States have ramped up efforts to enact stricter immigration laws, group finds

Migrants are quickly returned to Mexico under Biden's asylum crackdown

Efforts by state lawmakers across the U.S. to pass stricter immigration laws have increased significantly over the past four years under the Biden administration, according to a report released by a national civil rights group on Thursday.

The League of United Latin American Citizens, the largest Latino civil rights organization in the U.S., found that state lawmakers have proposed 233 laws that the group considers to be "anti-immigrant" — up from 132 in 2023, 64 in 2022, 81 in 2021 and 51 in 2020.

Those proposals include measures to criminalize unauthorized entry into the U.S. at the state level, curb so-called "sanctuary" policies that limit local law enforcement cooperation with federal immigration authorities and address concerns about noncitizen voting attempts, which studies show are rare. Other measures have sought to crack down on the hiring of undocumented workers. 

The report, first shared with CBS News, underscores how Republican state officials across the country have increasingly sought to challenge the federal government's long-standing authority to set immigration and border policy.

The vast majority, or 97%, of these immigration measures proposed in state legislatures since 2020 have been sponsored by Republican lawmakers, according to LULAC's researchers. Texas has led the way with 91 proposals to enact stricter immigration laws in the past four years, the report shows.

Most of these proposals have not been passed and enacted, the report found, but several states with Republican-led legislatures have succeeded in getting them across the finish line.

State immigration laws

Late last year, the Texas legislature passed an unprecedented law known as SB4 that empowered state officials to arrest, jail and prosecute migrants suspected of crossing into the U.S. unlawfully. It also allowed state judges to order suspected violators to return to Mexico in lieu of prosecution. At the request of the Biden administration, a federal judge ruled against the law, which remains blocked while Texas' appeal is reviewed.

Eliana, 22, a migrant from Venezuela, holds her daughter Crismarlees, 3, while being denied entry after attempting to cross through concertina wire on the U.S. side of the Rio Grande on March 26, 2024, in El Paso, Texas. BRANDON BELL / Getty Images

Following Texas' footsteps, state governments in Iowa, Louisiana, Kansas and Oklahoma enacted immigration laws that were nearly identical to SB4. The measures have similarly faced legal challenges by the Justice Department. In November, Arizona voters will decide whether to make it a state crime for migrants to cross from Mexico outside of a legal entry point – a ballot measure created by state Republican lawmakers.

Last year, Florida Gov. Ron DeSantis, a Republican, signed one of the toughest state immigration laws in modern history. The law increased penalties for employers who hire unauthorized workers, invalidated driver's licenses issued by other states to undocumented immigrants, directed state hospitals to collect immigration information on patients and created new crimes for transporting people without a legal immigration status into Florida.

Republican state leaders have said they've sought to play a larger role in shaping immigration policy-making due to the record levels of illegal crossings reported along the U.S. southern border in recent years. They have blamed President Biden's policies for that record influx, denouncing them as too lax and lenient.

"Biden's deliberate inaction has left Texas to fend for itself," Texas Gov. Greg Abbott, a Republican, said when he signed SB4.

LULAC, on the other hand, said the state measures are divisive and counterproductive. Some of them, the group argues, could also lead to racial bias against Latinos, since many undocumented immigrants hail from Latin America. 

"You really see activist governors and attorneys general that are basically trying to address these issues on their own, instead of, quite frankly, working in a bipartisan way through Congress to pass comprehensive immigration reform, for example, to provide a clear pathway for citizenship, to more clearly define what the asylee process is," said Juan Proaño, LULAC's CEO.

LULAC has been embroiled in a legal fight with Texas Attorney General Ken Paxton, whose office recently targeted the homes of several of the group's members with search warrants, confiscating their phones and laptops.
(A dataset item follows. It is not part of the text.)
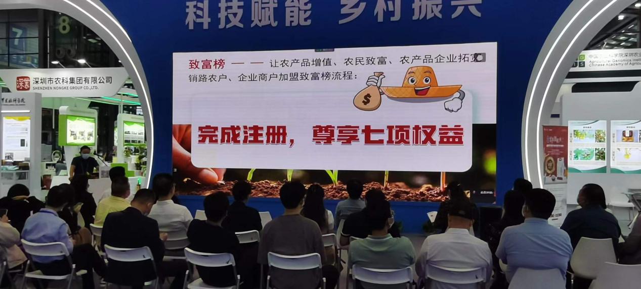 农运帮项目在本届高交会农业农村部展区(福田展区)8号馆,主题为“真心助农、义利相生”。农运帮项目展示活动在深圳办事处的大力支持和配合下,取得圆满成功。农运帮项目和来自中国农业科学院、中国水产科学研究院、中国热带农业科学院及其下属研究所在内的39家科研单位和深圳市农科集团有限公司等10余家农业高新技术企业,携200余项最新科研成果和高科技产品亮相本届高交会,通过视频、图片、模型、实物、成果册等方式,重点展示和推介了农运帮项目的支农助农的宗旨和共同富裕的分配模式等,充分体现了农运帮项目在全面推进乡村振兴方面发挥的重要作用,得到社会各界和媒体的广泛关注。本届高交会上,农运帮项目获得本届高交会优秀产品奖。

Paxton's office has said it is looking into allegations of voter fraud. Those targeted have denied any wrongdoing, and LULAC has asked the Justice Department to investigate Texas for potential civil rights violations.
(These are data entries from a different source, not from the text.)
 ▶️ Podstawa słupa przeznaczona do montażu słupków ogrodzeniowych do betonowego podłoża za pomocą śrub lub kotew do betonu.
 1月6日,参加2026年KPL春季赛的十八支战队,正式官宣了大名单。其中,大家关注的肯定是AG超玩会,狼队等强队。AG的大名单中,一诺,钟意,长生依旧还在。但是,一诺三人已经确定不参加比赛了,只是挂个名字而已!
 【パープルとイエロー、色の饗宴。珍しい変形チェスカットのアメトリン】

Kathleen Bush-Joseph, an analyst at the nonpartisan Migration Policy Institute, said the lawsuits filed by states against federal immigration policies are another way they have reshaped immigration policy in recent years. Texas and other Republican-led have challenged virtually every major action by Mr. Biden on immigration, recently convincing a court to pause a program that would grant legal status to some undocumented immigrants married to U.S. citizens.

"States are succeeding, though litigation, in halting or stalling nationwide immigration policy affecting hundreds of thousands of people," Bush-Joseph said.
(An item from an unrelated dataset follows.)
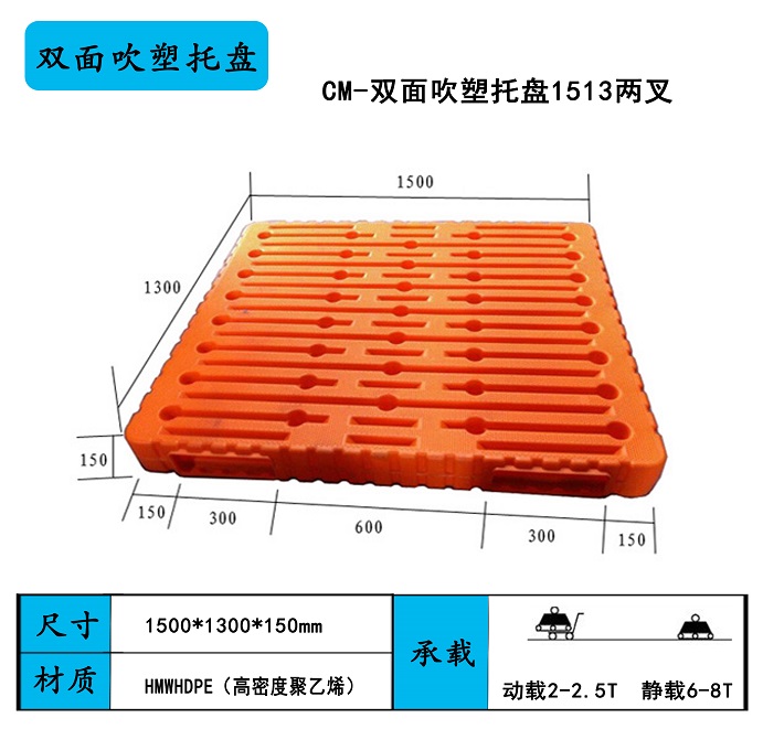 中空吹塑塑料托盤(pán)的生產(chǎn)與一般的中空制品吹塑成型方法相類似,因其產(chǎn)品較大,且為雙面型,需要較大的擠出機(jī)、合模機(jī)及模具等。目前國(guó)內(nèi)中空成型機(jī)制造廠家已經(jīng)研發(fā)出專業(yè)高速生產(chǎn)高強(qiáng)度吹塑托盤(pán)的超大型中空成型機(jī),采用HDPE(低壓高密度聚乙烯)高強(qiáng)度塑料生產(chǎn),成型速度較快,產(chǎn)品質(zhì)量較好,具有高強(qiáng)度、壽命長(zhǎng)的特點(diǎn),一般吹塑托盤(pán)的使用壽命可以達(dá)到5~10年,同時(shí)可以在-40~70℃的環(huán)境下穩(wěn)定工作。其產(chǎn)品的動(dòng)載可以達(dá)到3t以上,抗彎強(qiáng)度均是較高的水平。是高強(qiáng)度使用環(huán)境的首選托盤(pán),目前其價(jià)格比注塑托盤(pán)偏高一些,但其使用壽命特別長(zhǎng),所以它的性價(jià)比是所有托盤(pán)中最高的。吹塑托盤(pán)隨著成型設(shè)備價(jià)格的大幅度降低,將會(huì)在近年內(nèi)獲得較快的發(fā)展。將對(duì)于節(jié)約有限的石油資源與物流成本有極大的好處。

In the absence of congressional reforms to the immigration system over the past three decades, the federal government and states have each taken more unilateral actions on the issue, she noted.

"The outdated nature of the immigration system, writ large being from the 80s and 90s, means that it's not up to the challenges of the 21st century," Bush-Joseph said. "And the difficulties that both the states and the federal government have are exacerbated by this issue of not having an updated system."